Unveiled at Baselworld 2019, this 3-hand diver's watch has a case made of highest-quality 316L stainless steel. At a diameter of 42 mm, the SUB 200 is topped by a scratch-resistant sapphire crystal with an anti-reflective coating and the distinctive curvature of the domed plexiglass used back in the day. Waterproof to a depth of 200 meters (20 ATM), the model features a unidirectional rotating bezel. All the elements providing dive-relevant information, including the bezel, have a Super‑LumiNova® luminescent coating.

******************************

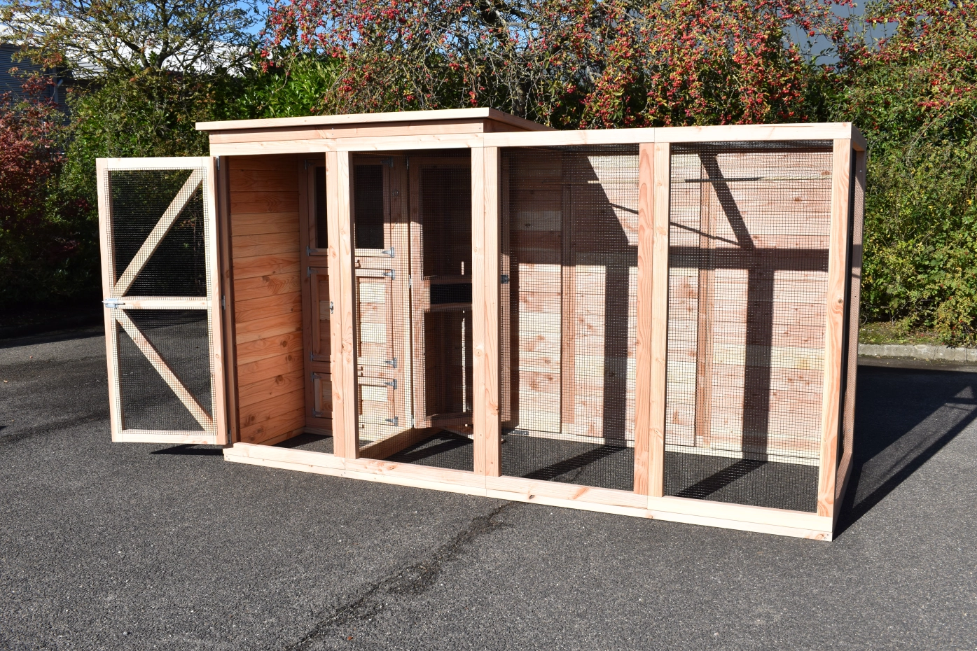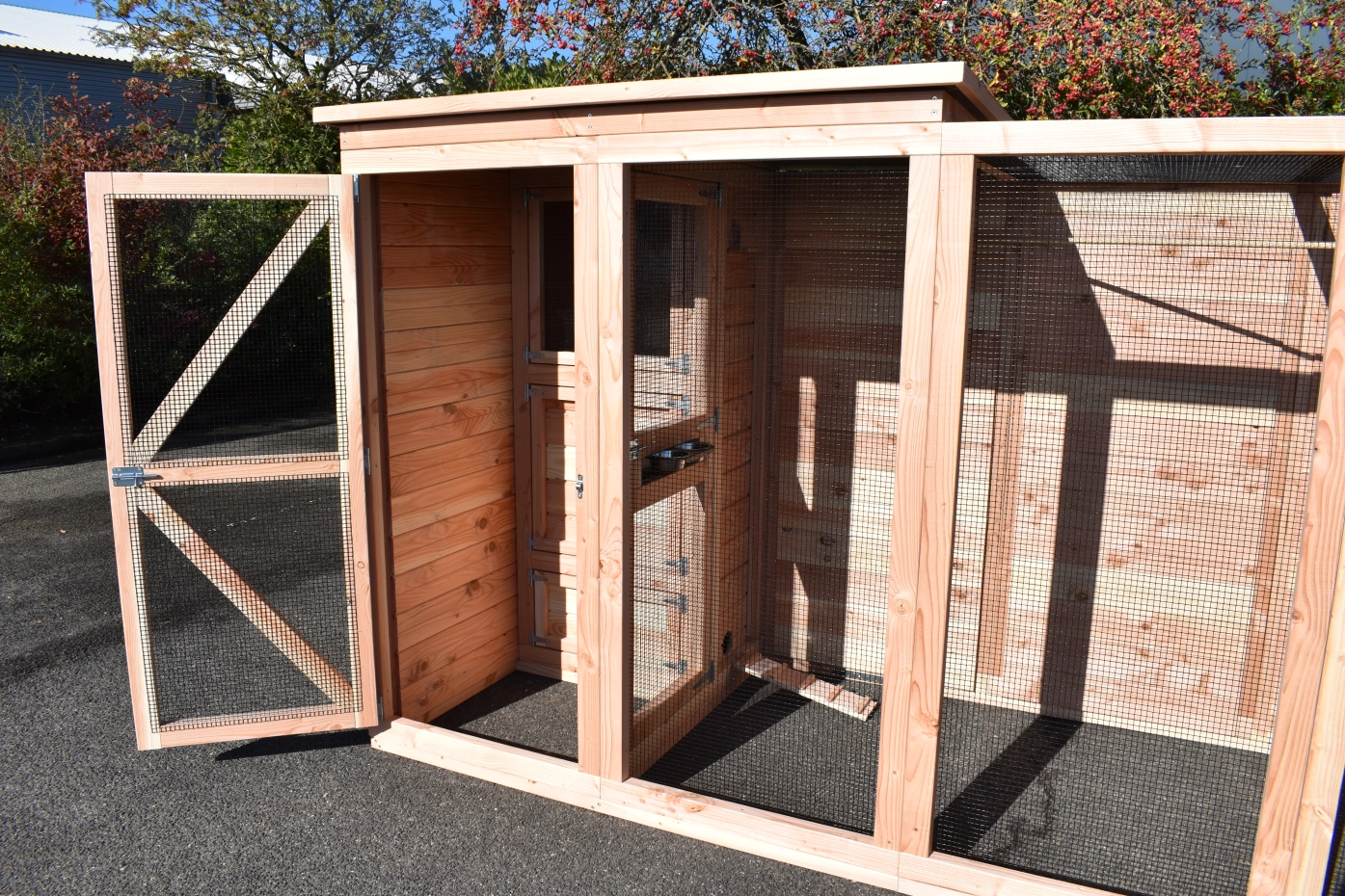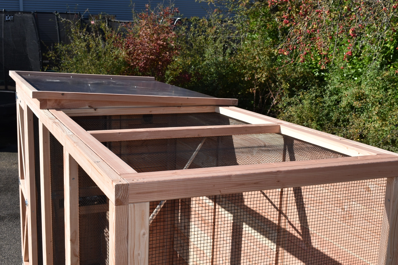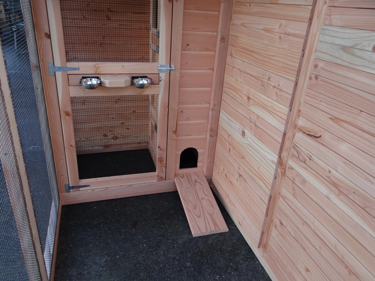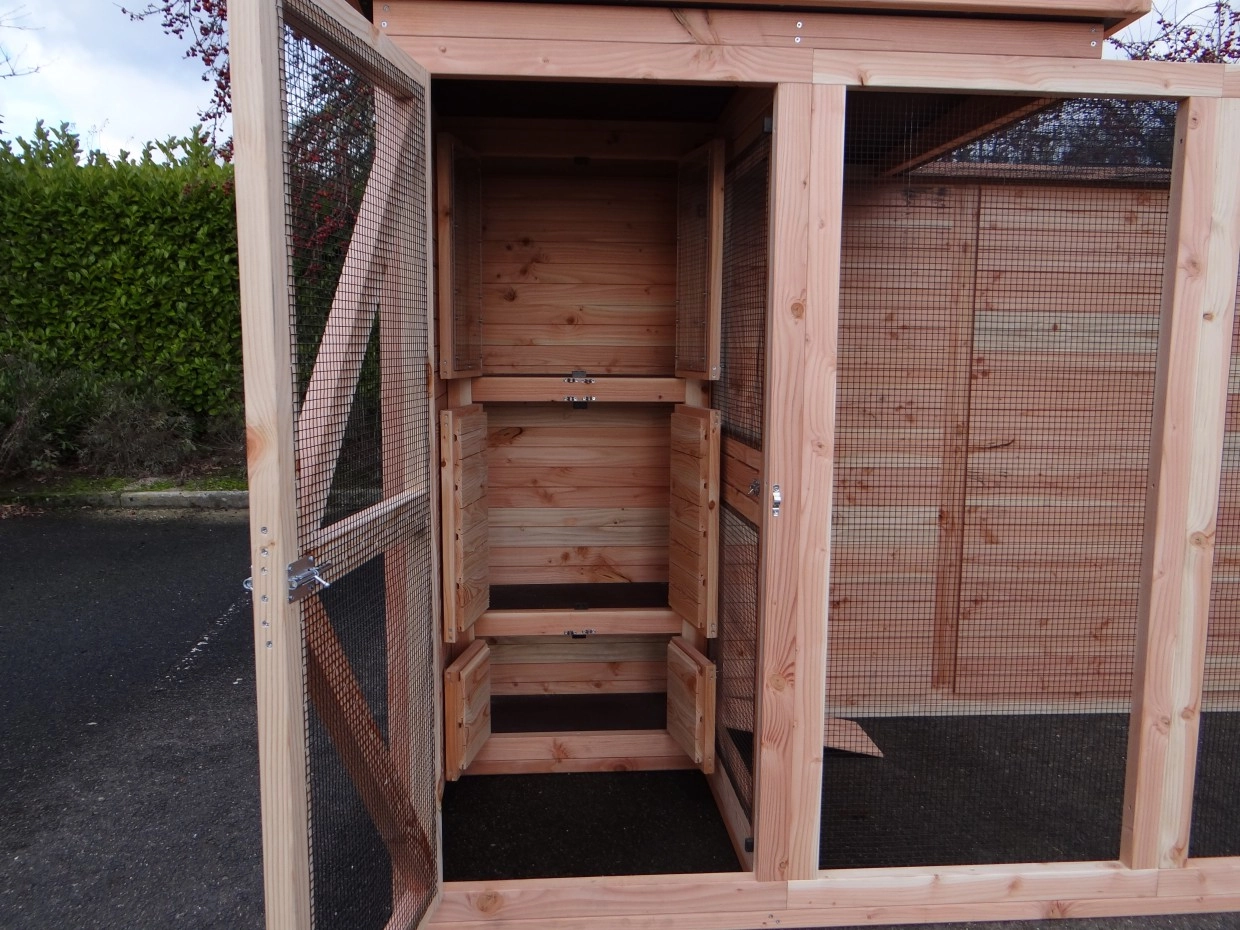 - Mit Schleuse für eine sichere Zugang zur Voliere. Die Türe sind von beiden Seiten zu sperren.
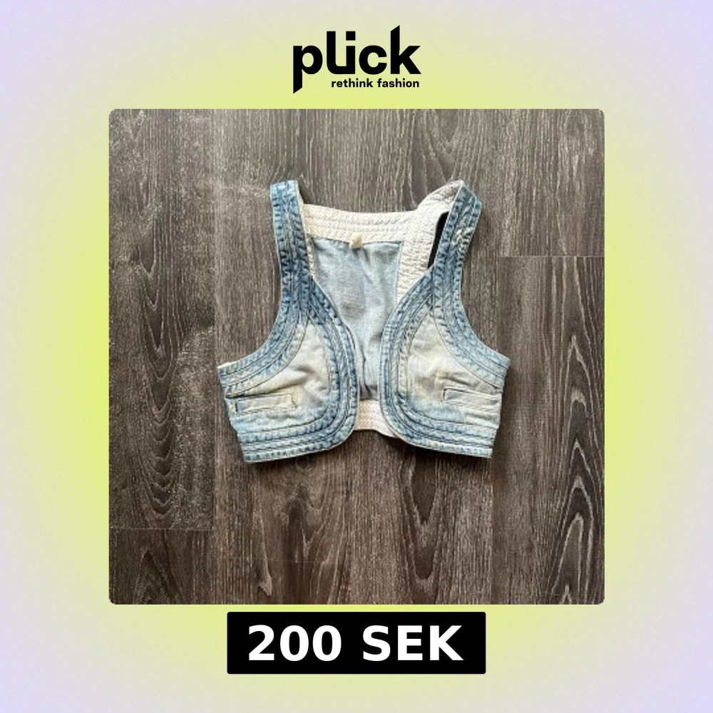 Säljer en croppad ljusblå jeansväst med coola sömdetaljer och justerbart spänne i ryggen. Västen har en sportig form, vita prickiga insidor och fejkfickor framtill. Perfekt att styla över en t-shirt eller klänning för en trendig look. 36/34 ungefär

******************************

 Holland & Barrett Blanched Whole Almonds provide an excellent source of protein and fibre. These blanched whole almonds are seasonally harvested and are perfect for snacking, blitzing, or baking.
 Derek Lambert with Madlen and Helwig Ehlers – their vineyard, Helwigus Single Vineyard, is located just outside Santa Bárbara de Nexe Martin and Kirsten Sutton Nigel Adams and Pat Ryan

******************************

#### Problem statement:
Return exactly the lines above from the line that has "Holland & Barrett" through the line that has "Derek Lambert with", inclusive, and nothing else.

#### Reply:
 Holland & Barrett Blanched Whole Almonds provide an excellent source of protein and fibre. These blanched whole almonds are seasonally harvested and are perfect for snacking, blitzing, or baking.
 Derek Lambert with Madlen and Helwig Ehlers – their vineyard, Helwigus Single Vineyard, is located just outside Santa Bárbara de Nexe Martin and Kirsten Sutton Nigel Adams and Pat Ryan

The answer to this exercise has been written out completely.